_YOUR ASSIGNMENT_
When you reach the line in the data below that contains "Улыбающийся мужчина в", please start repeating lines exactly, and stop after the line that contains "エギングシーンをリードする笛", repeating nothing else.

_DATASET EXTRACT_
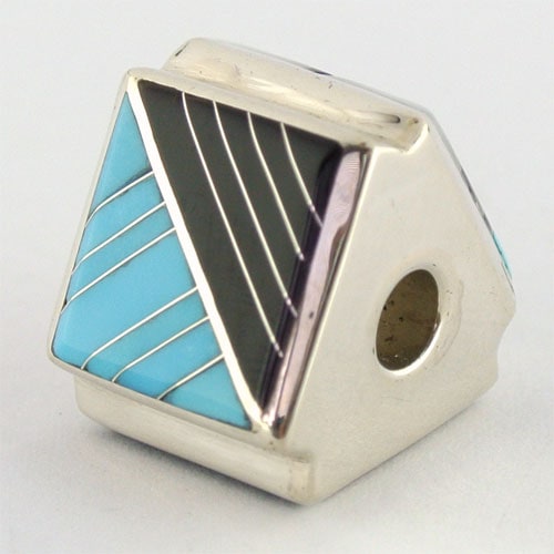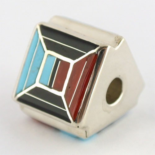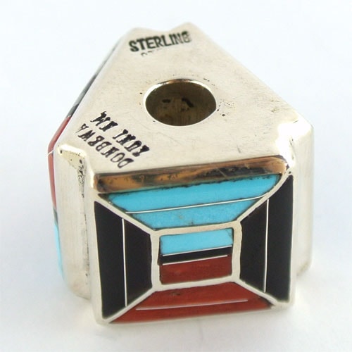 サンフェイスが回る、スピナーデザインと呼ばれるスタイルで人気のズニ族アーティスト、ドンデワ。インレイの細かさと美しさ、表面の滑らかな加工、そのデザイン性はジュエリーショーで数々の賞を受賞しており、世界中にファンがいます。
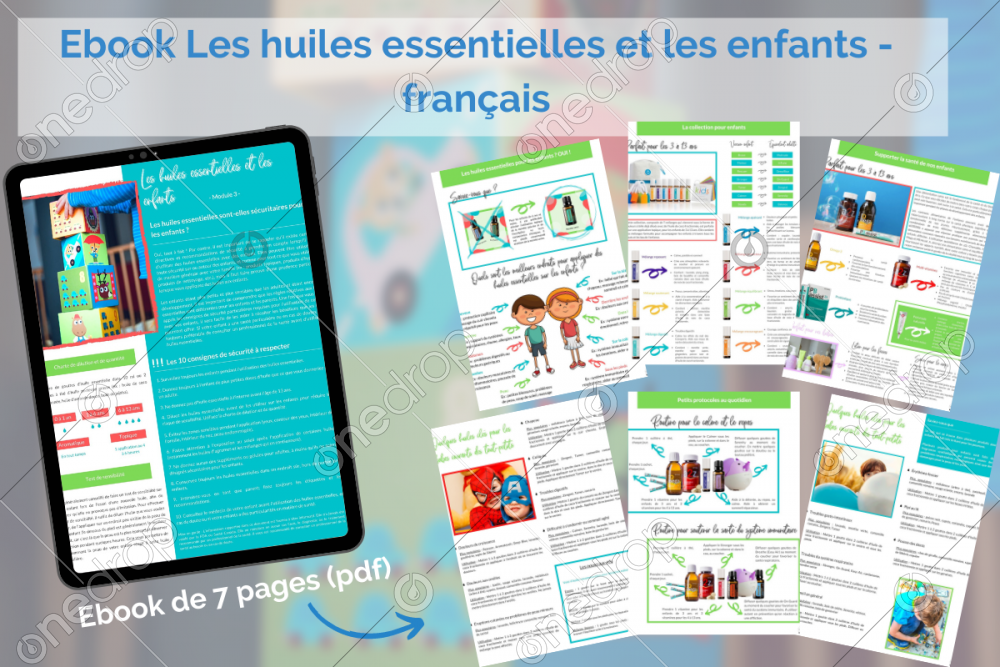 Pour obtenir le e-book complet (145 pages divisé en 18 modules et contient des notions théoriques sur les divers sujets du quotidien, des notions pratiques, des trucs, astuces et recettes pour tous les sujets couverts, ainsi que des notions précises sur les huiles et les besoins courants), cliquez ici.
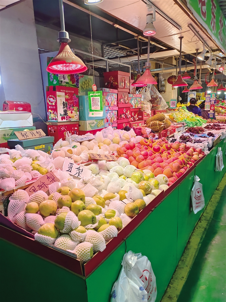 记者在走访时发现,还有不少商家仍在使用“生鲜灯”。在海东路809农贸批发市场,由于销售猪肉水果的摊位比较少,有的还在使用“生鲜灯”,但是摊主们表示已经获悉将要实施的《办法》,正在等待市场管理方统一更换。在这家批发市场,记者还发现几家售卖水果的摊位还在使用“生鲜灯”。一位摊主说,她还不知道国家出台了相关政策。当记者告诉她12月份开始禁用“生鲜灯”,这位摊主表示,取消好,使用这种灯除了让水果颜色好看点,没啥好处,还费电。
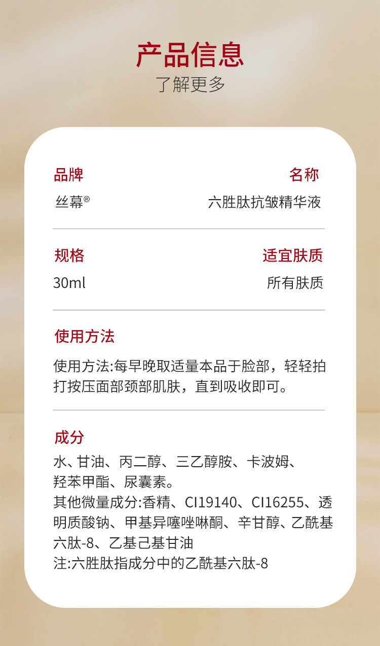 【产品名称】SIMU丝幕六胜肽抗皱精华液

* * *

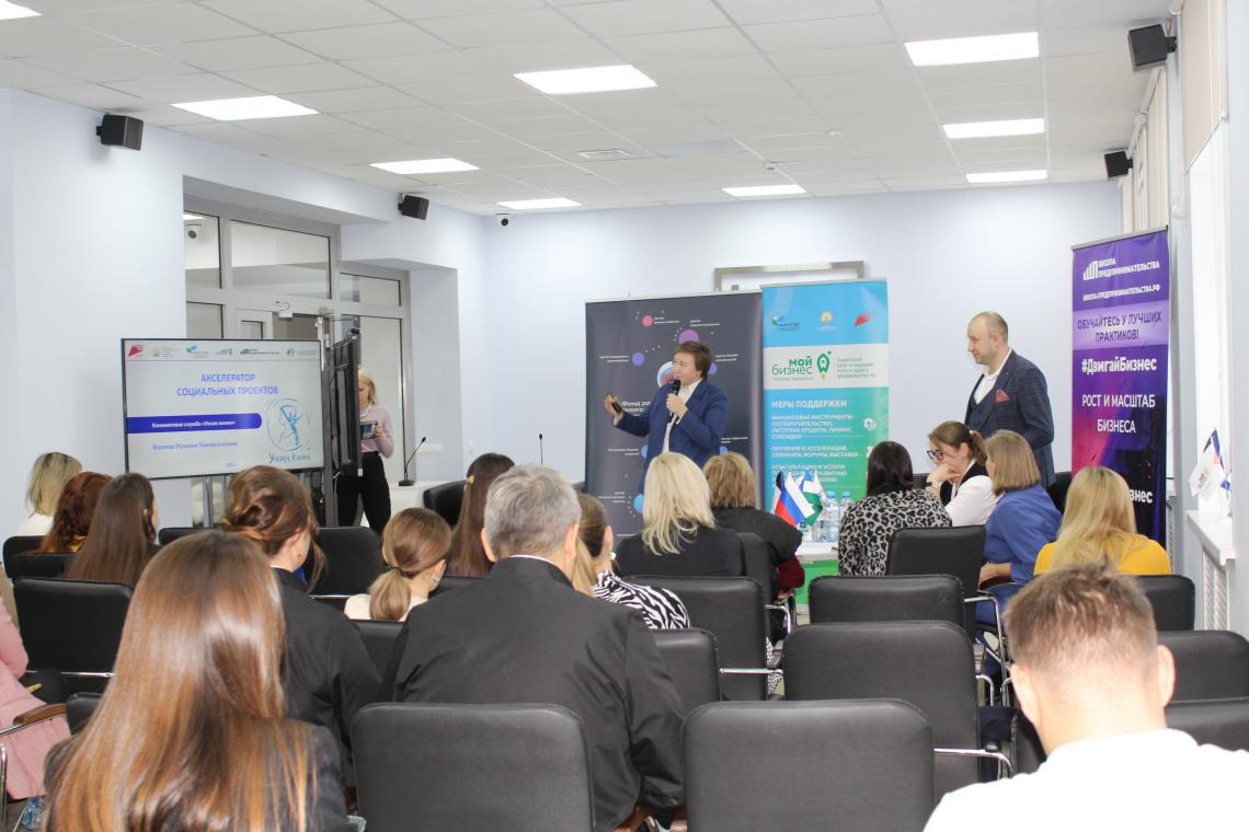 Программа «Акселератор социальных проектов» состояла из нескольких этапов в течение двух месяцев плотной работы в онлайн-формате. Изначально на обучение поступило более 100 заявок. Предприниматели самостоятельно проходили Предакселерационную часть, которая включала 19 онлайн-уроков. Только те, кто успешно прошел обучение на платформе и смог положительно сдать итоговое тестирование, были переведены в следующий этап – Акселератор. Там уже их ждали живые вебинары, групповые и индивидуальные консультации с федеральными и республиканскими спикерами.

...

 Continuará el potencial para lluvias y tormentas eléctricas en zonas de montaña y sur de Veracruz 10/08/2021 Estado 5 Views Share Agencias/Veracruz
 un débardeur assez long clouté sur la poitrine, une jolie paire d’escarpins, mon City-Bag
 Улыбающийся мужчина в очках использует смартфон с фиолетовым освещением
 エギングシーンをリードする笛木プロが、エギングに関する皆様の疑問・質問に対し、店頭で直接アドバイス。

_ANSWER TO THIS TASK_
 Улыбающийся мужчина в очках использует смартфон с фиолетовым освещением
 エギングシーンをリードする笛木プロが、エギングに関する皆様の疑問・質問に対し、店頭で直接アドバイス。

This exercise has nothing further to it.